That leads us to the next point, the relation of God without to God within. To the yogi, who is the very type of Hindu thought, there is no definite proof of God save the witness of the Self
within to His existence, and his idea of finding the proof of God is that you should strip away from your consciousness all limitations, and thus reach the stage where you have pure consciousness--save a veil of the thin nirvanic matter.
Then you know that God is. So you read in the Upanishad: "Whose only proof is the witness of the Self." This is very different from Western methods of thought, which try to demonstrate God by a process of argument.
The Hindu will tell you that you cannot demonstrate God by any argument or reasoning; He is above and beyond reasoning, and although the reason may guide you on the way, it will not
prove to demonstration that God is.
The only way you can know Him is by diving into yourself.

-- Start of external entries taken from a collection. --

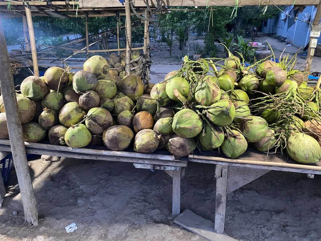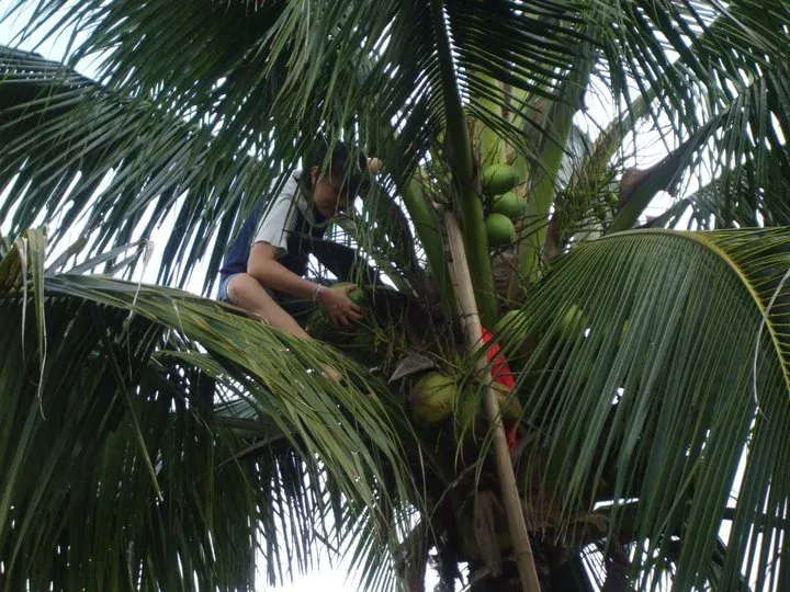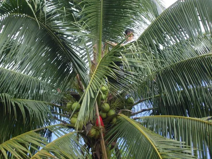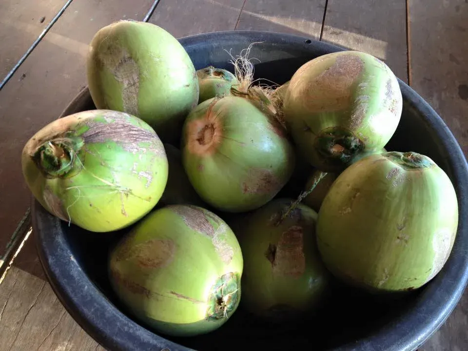 ภาพหลังจากที่เก็บมะพร้าวแล้วนำมาวางกองไว้ กินได้ทั้งหมู่บ้าน เยอะมาก จริงๆ แล้วเคยอ่านในหนังสือเขาบอกว่าการทานน้ำมะพร้าวนั้นดีต่อสุขภาพของเราแต่จะต้องไม่มีการปรุงแต่งอะไร ทานแบบธรรมชาติสามารถที่จะทานแทนการดื่มน้ำได้เลย เพราะว่าน้ำมะพร้าวจะช่วยในการต่อต้านอนุมูลอิสระของเราด้วย ป้องกันโรคหลายอย่าง เพราะว่าครั้งหนึ่งเคยไม่สบายไข้อ่อนๆ ไม่ทานยาแต่ทานน้ำมะพร้าวเพื่อที่จะระบายความร้อน ไม่นานกายก็กลับมาในอุณหภูมิที่ปกติ
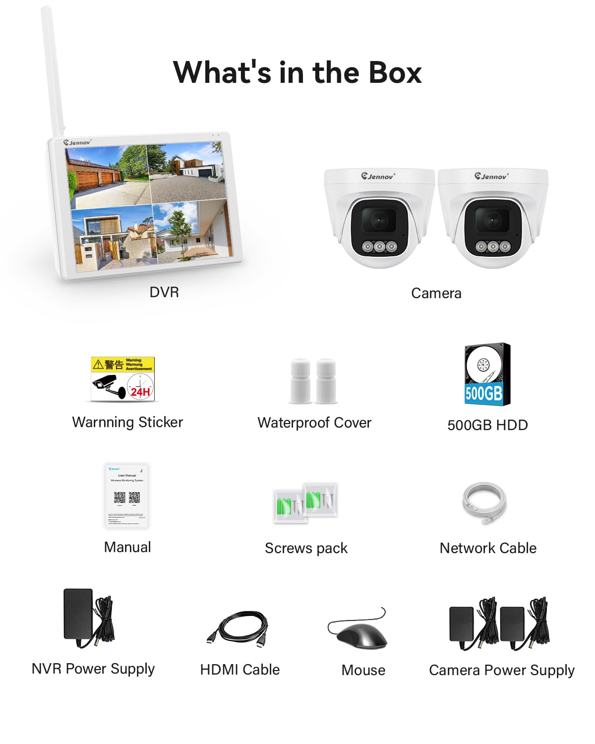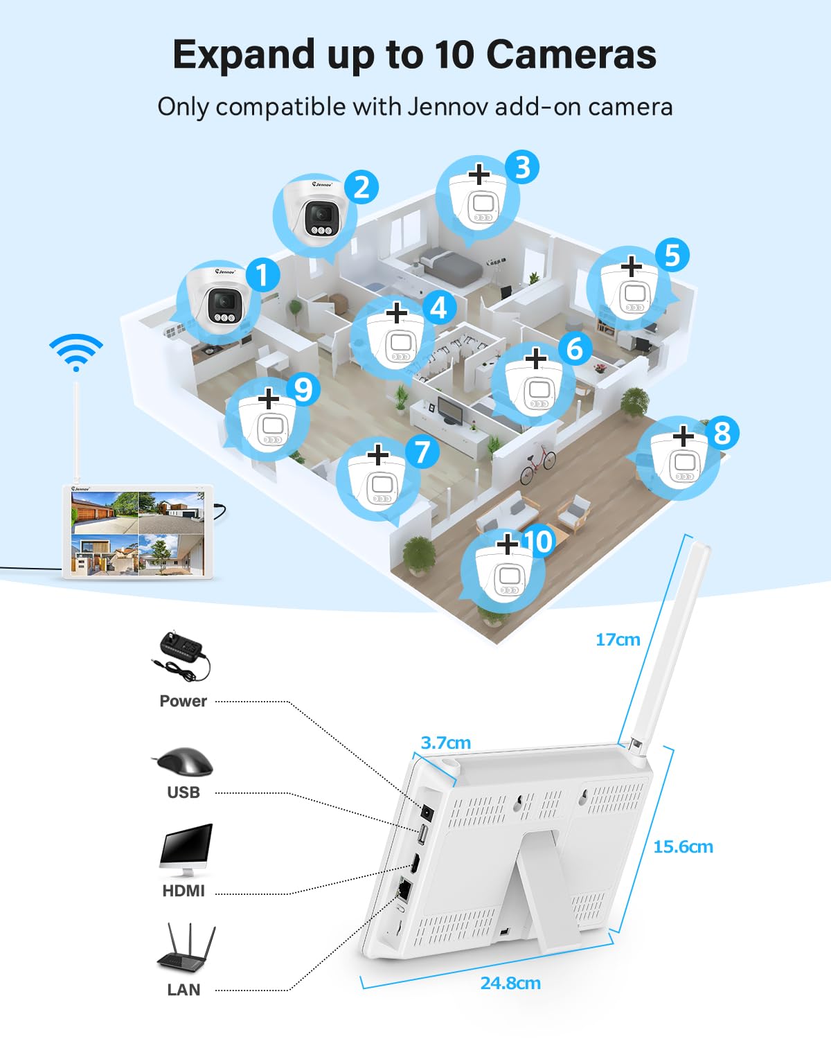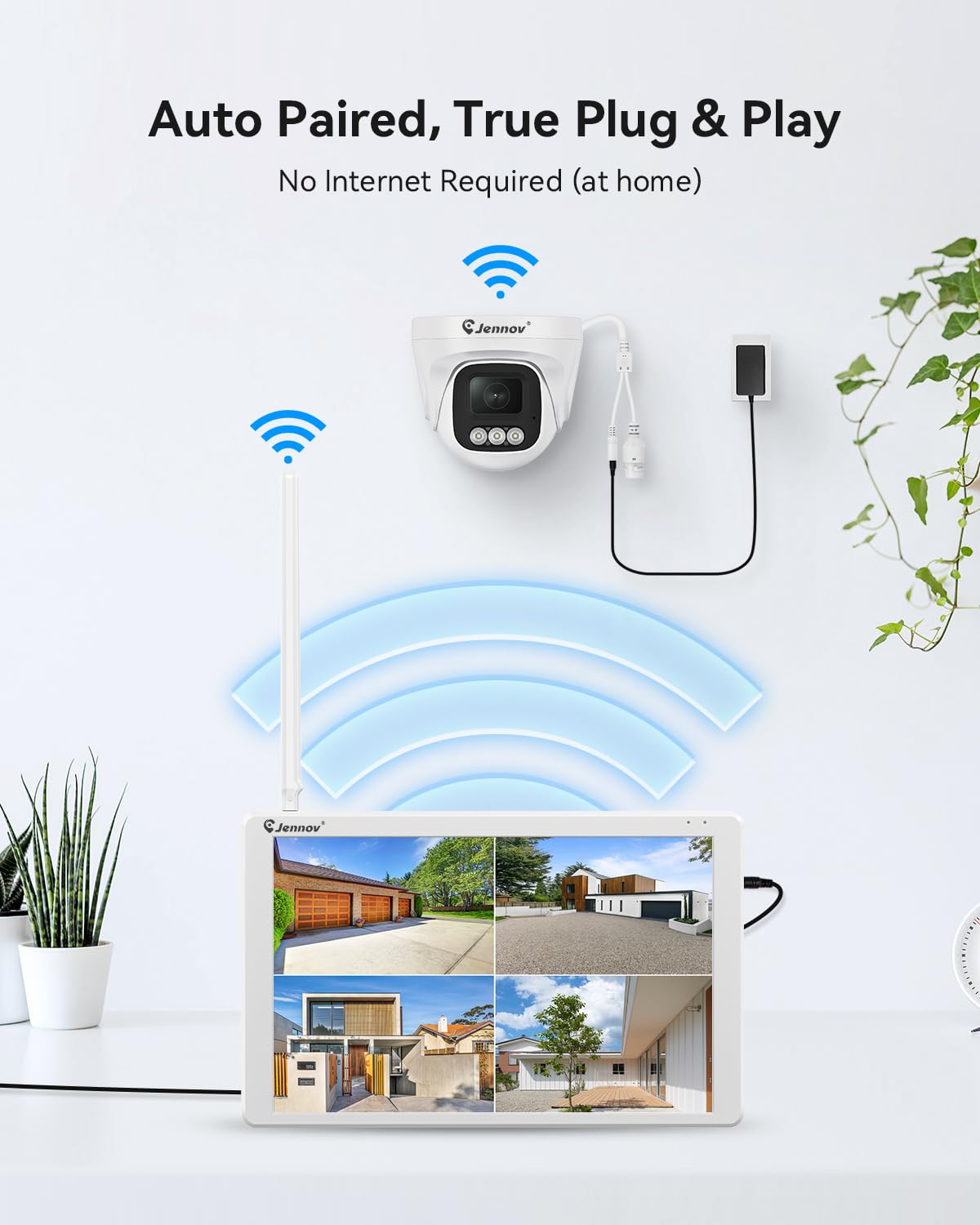 Jennov Überwachungskamera Set 10" Monitor Wireless NVR 2x 5MP Aussen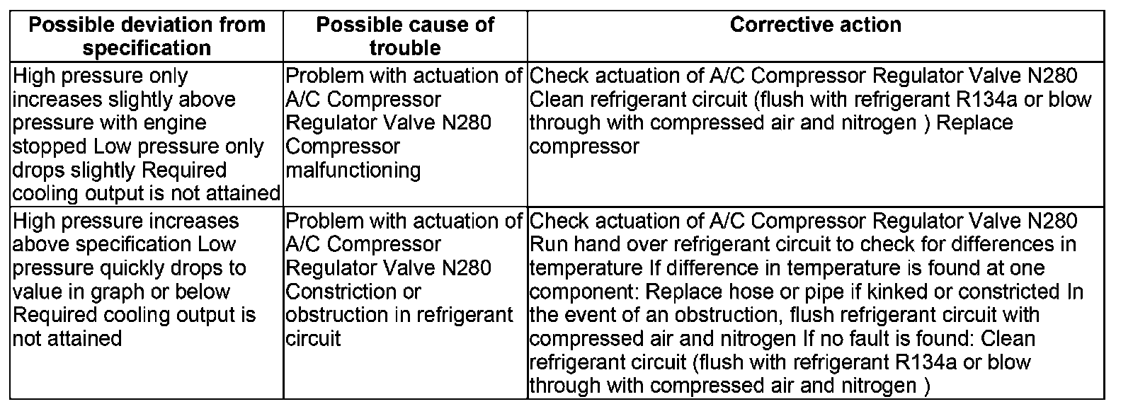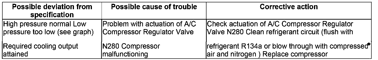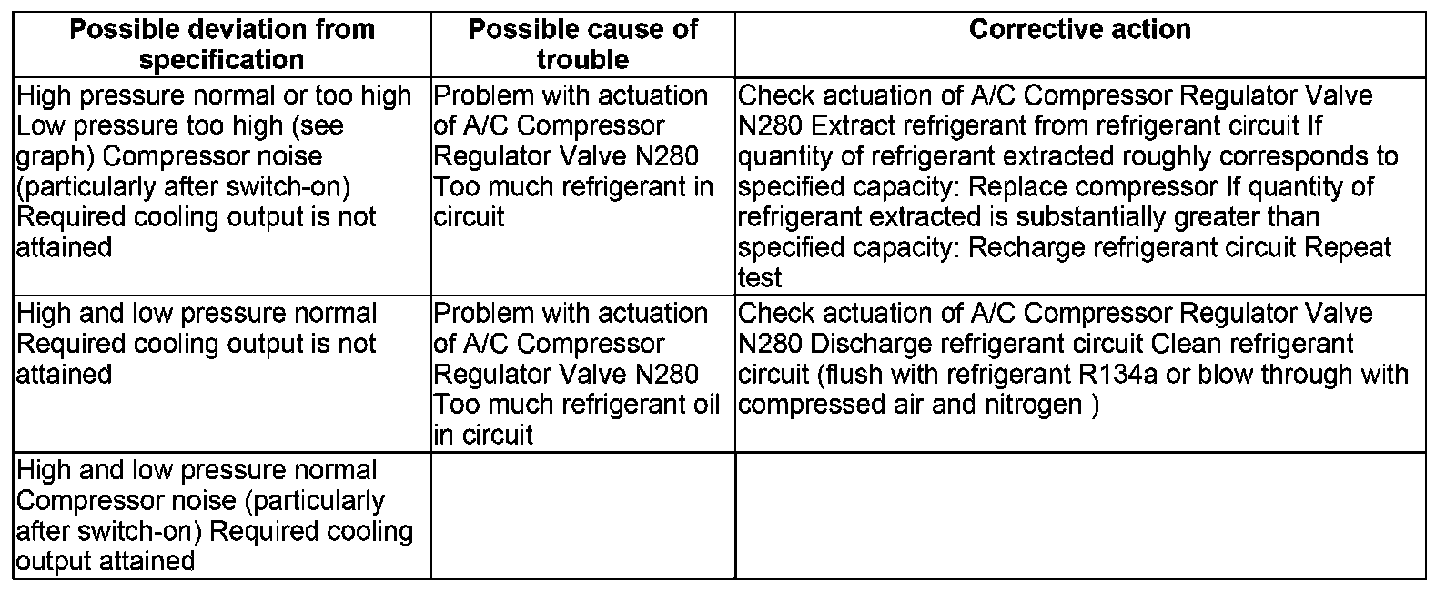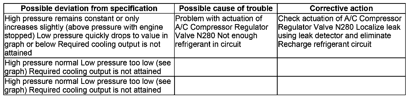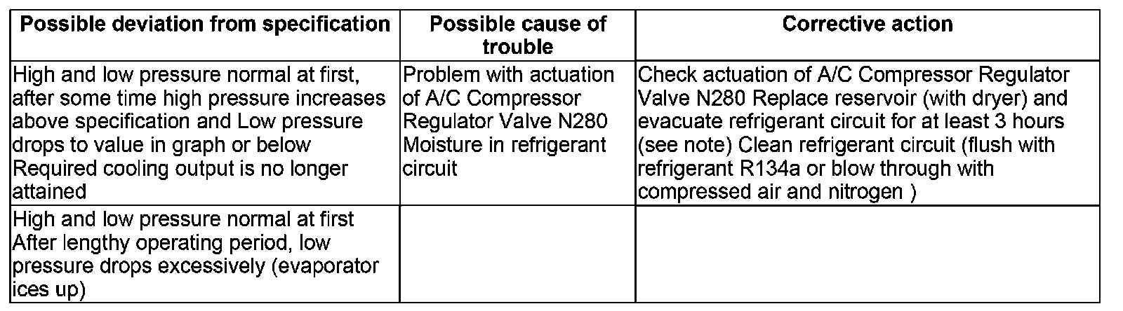 NOTE: Pay attention to the following as regards fault High pressure normal, low pressure too low" : This fault may lead to icing-up of evaporator although quantity of refrigerant in circuit is OK. Check measured values of Evaporator Vent Temperature Sensor G263 and actuation of A/C Compressor Regulator Valve N280. If measured value of Evaporator Vent Temperature Sensor G263 is incorrect, evaporator may ice up or cooling output is not attained, air conditioner Guided Fault Finding function.

There you will find Him, and know that He is without as well as within you; and Yoga is a system that enables you to get rid of everything from consciousness that is not God, save that one veil
of the nirvanic atom, and so to know that God is, with an unshakable certainty of conviction.
To the Hindu that inner conviction is the only thing worthy to be called faith, and this gives you the reason why faith is said to be beyond reason, and so is often confused with credulity.
Faith is beyond reason, because it is the testimony of the Self to himself, that conviction of existence as Self, of which reason is only one of the outer manifestations; and the only true faith is that inner conviction, which no argument can either strengthen or weaken, of the innermost Self of you, that of which alone you are entirely sure.
It is the aim of Yoga to enable you to reach that Self constantly not by a sudden glimpse of intuition, but
steadily, unshakably, and unchangeably, and when that Self is reached, then the question: "Is there a God?" can never again come into the. human mind.